### Saved entries

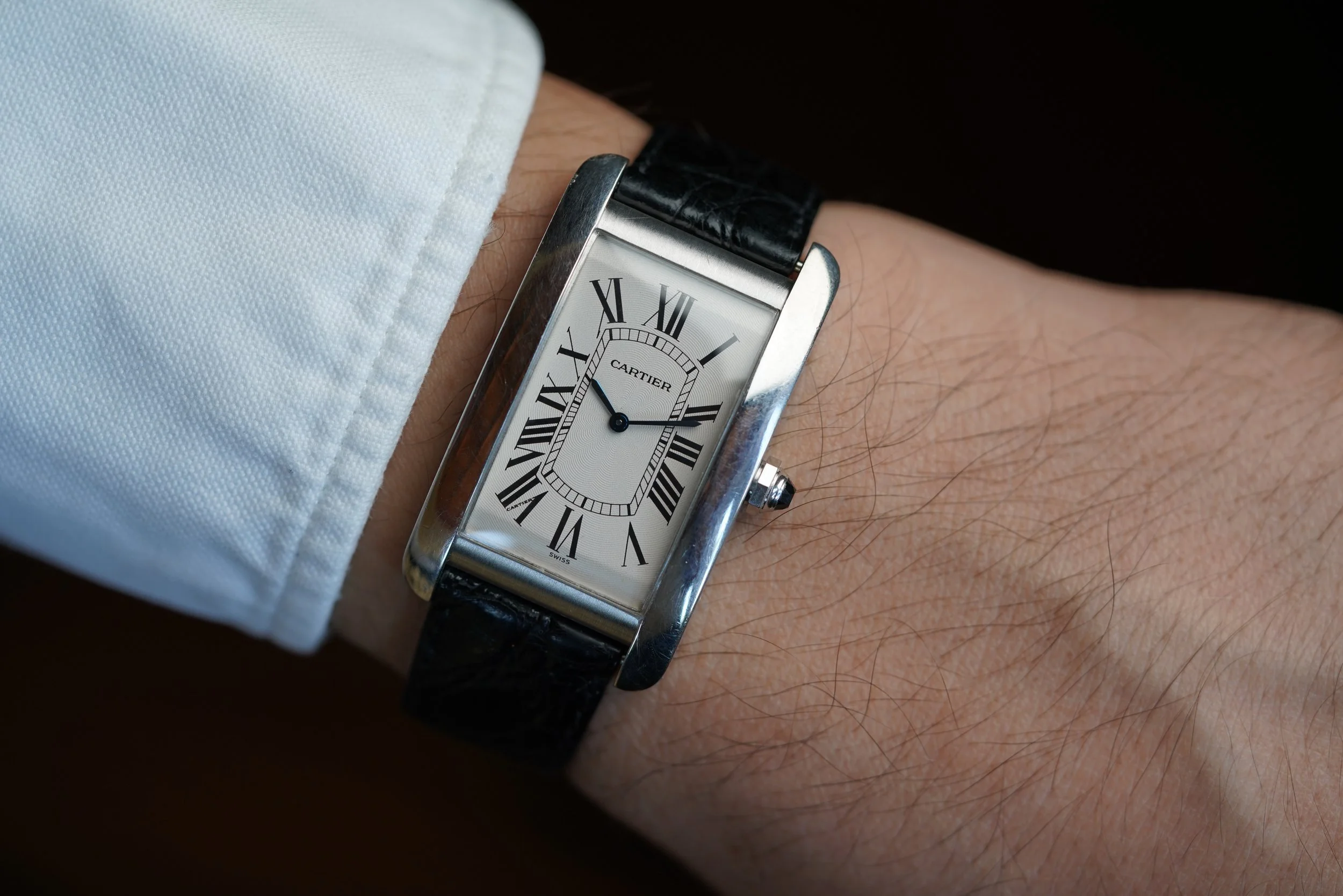 This Cartier Tank Americaine reference 1736 1 is a very important watch. It was given by Ralph Lauren to Senior Adviser and Senior Creative Director of Ralph Lauren Women’s Collections Buffy Birrittella for 25 years of employment. Ralph Lauren has been a prolific collector, with a penchant for beautiful vintage Cartier watches. To own a watch given by Ralph Lauren is quite the timepiece, but to have one specifically from Cartier - a brand that he loves - is very special.
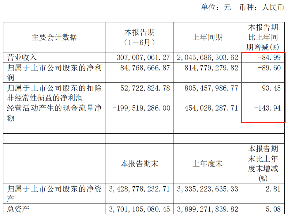 并且,因为营收和净利润的下跌,又拖累其他多个指标同步下跌。其中,经营活动现金净额同比减少6.54亿元,大幅下降143.94%;基本每股收益0.95元,同比下降89.27%;加权平均净资产收益率2.51%,同比减少22.94个百分点。
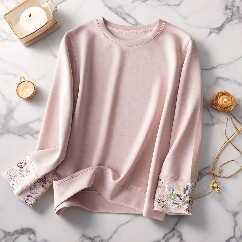 淘宝Slimart,新中式国风刺绣舒适德绒秋冬女上衣设计感长袖T恤打底衫大码300斤
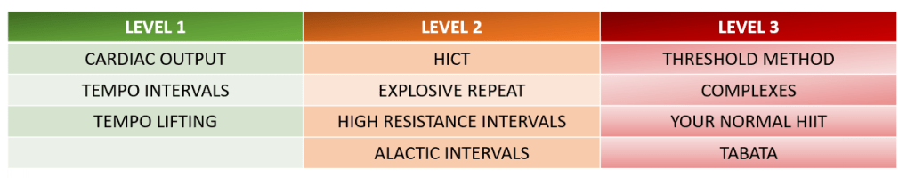 So this is how we are going to do it, we are going to list the best conditioning methods. We are then going to categorize them into levels. The levels are dictated by the amount of stress each method places on the body as well as the effect that each method has on the body. More on this shortly but let’s look at the methods again:
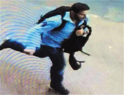 案发当天迪拜大厦监控拍到劫匪嫌疑人。视频截图

### PROBLEM DETAILS
Write out again the lines from the one with "并且,因为营收和净利润的下跌" through the end of the records exactly, without any of the pictures.

### TASK ANSWER
 并且,因为营收和净利润的下跌,又拖累其他多个指标同步下跌。其中,经营活动现金净额同比减少6.54亿元,大幅下降143.94%;基本每股收益0.95元,同比下降89.27%;加权平均净资产收益率2.51%,同比减少22.94个百分点。
 淘宝Slimart,新中式国风刺绣舒适德绒秋冬女上衣设计感长袖T恤打底衫大码300斤
 So this is how we are going to do it, we are going to list the best conditioning methods. We are then going to categorize them into levels. The levels are dictated by the amount of stress each method places on the body as well as the effect that each method has on the body. More on this shortly but let’s look at the methods again:
 案发当天迪拜大厦监控拍到劫匪嫌疑人。视频截图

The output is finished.